Activation of Aryl hydrocarbon receptor (AhR) is involved in the control of intestinal mucosal homeostasis. Intestinal barrier dysfunction contributes to the development of many intestinal diseases, such as inflammatory bowel disease (IBD). In this study, we investigated the mechanisms of AhR activation in the maintenance of intestinal barrier function. Adult C57BL/6 mice were treated with dextran sulphate sodium (DSS) for 7 days, with or without 6-Formylindolo(3,2-b)carbazole (FICZ), a ligand of AhR. We found that AhR activation by FICZ attenuated the decreased TJ protein expression in the colonic mucosa of the DSS-induced mice. Further, the increase of both MLC phosphorylation and MLCK expression in the mice with DSS-induced colitis was also significantly inhibited by FICZ induced AhR activation.

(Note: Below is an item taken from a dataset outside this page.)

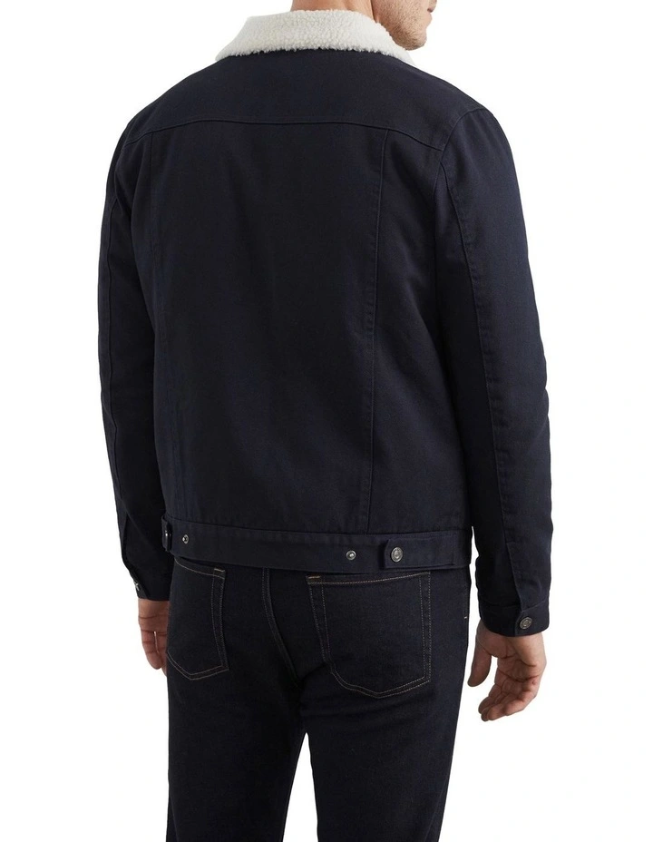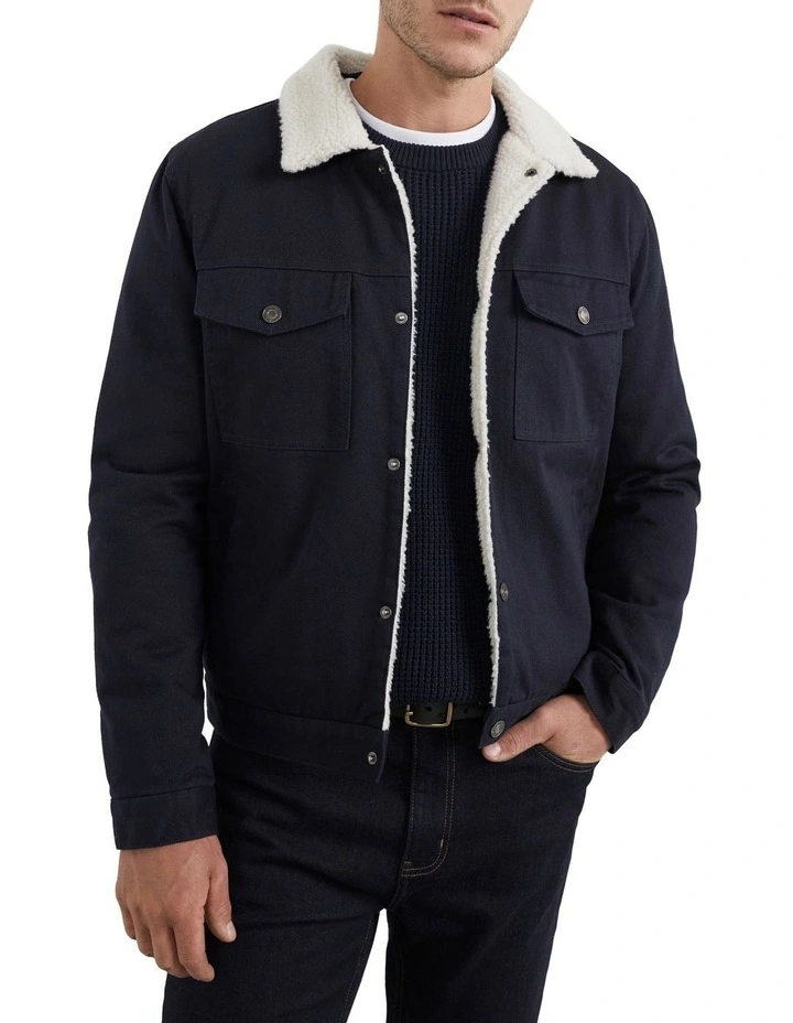 Our Twill Sherpa Jacket is the perfect way to stay warm this season. An update on our bestselling jacket, this jacket features a trendy twill fabrication, faux sherpa lining, two chest patch pockets, long sleeves, centre front closure with snap buttons. Pair with our Slim Fit Chino and Liam Leather Sneaker.Â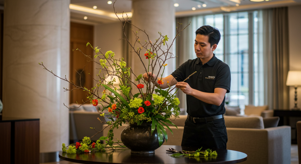 まず、主な就職先として挙げられるのが、園芸関連会社です。これらの企業では、オフィスビルや商業施設、ホテルなどの大規模な室内緑化プロジェクトを手掛けています。園芸装飾技能士は、これらのプロジェクトにおいて中心的な役割を担います。具体的には、クライアントの要望をヒアリングし、空間の特性に合わせた植物の選定や配置を提案する企画段階から、実際の施工、そして施工後の維持管理まで、一連の業務に携わることになります。

For in vitro experiments, Caco-2 cells were treated with tumour necrosis factor alpha (TNF-α)/interferon gamma (IFN-γ) for 48 h, with or without FICZ. AhR activation prevented TNF-α/IFN-γ-induced decrease in TER and morphological disruption of the TJs in Caco-2 monolayers. It also inhibited TNF-α/IFN-γ-induced increase in MLCK expression and MLC phosphorylation by suppression of NF-κB p65 signaling pathway. Thus, AhR-activating factors might have potential as therapeutic agents for the treatment of patients with IBD.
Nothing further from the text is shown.